The behavior of Cr–Ni nanofilms on NiO(100) upon annealing and substrate-controlled oxidation studied by quantitative X-ray Photoelectron Spectroscopy

Abstract

The interplay between metallic and oxidized phases of Cr, Ni nanodeposits has been investigated via a model system. The evolution upon annealing in ultra-high vacuum of metallic Cr ultra-thin or nanoparticulate films of less than 0.7 nm equivalent thickness on a NiO(100) single crystal substrate has been studied by means of X-ray Photoelectron Spectroscopy (XPS), angle resolved XPS and Low Energy Ion scattering. The NiO substrate provided oxygen in a highly controllable fashion, at first to the metallic Cr film, causing its fast oxidation at 550 K with parallel stoichiometric surface reduction of NiO to metallic Ni. The latter was subsequently subjected to slow re-oxidation by oxygen from the NiO bulk upon annealing up to 940 K, thus leading to complex interfaces that may include simultaneously metallic Cr, Ni and their respective oxides, all found together within a few atomic layers.
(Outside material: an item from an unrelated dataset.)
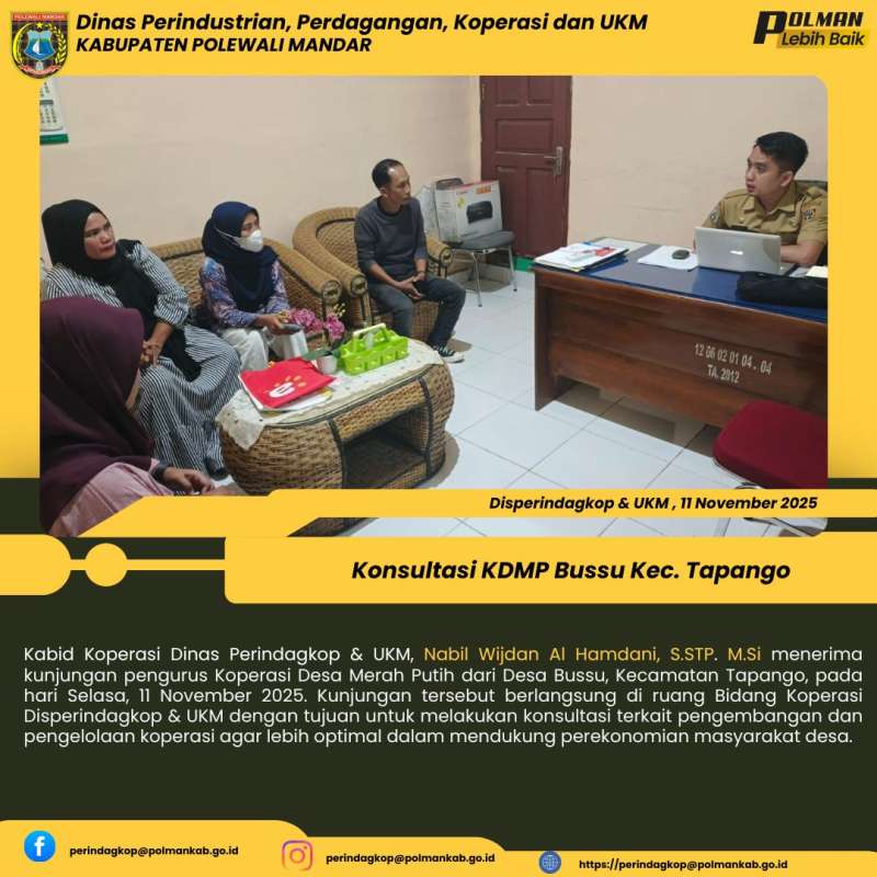 Kabid Koperasi Dinas Perindagkop & UKM, Nabil Wijdan Al Hamdani, S.STP. M.Si menerima kunjungan pengurus Koperasi Desa Merah Putih dari Desa Bussu, Kecamatan Tapango, pada hari Selasa, 11 November 2025. Kunjungan tersebut berlangsung di ruang Bidang Koperasi Disperindagkop & UKM dengan tujuan untuk melakukan konsultasi terkait pengembangan dan pengelolaan koperasi agar lebih optimal dalam mendukung perekonomian masyarakat desa.

The step-by-step monitoring of the evolution of the interfaces by XPS at various stages of annealing and the simulation of quantitative XPS data for alternative spatial distribution models of the co-existing phases yield structural information about the stacked layers produced by oxidation of Cr to Cr2O3 and metallic Ni, the re-oxidation of Ni0 via oxygen supplied by the NiO substrate and finally a mixing of the two oxides at 940 K with probable formation of a NiCr2O4 spinel.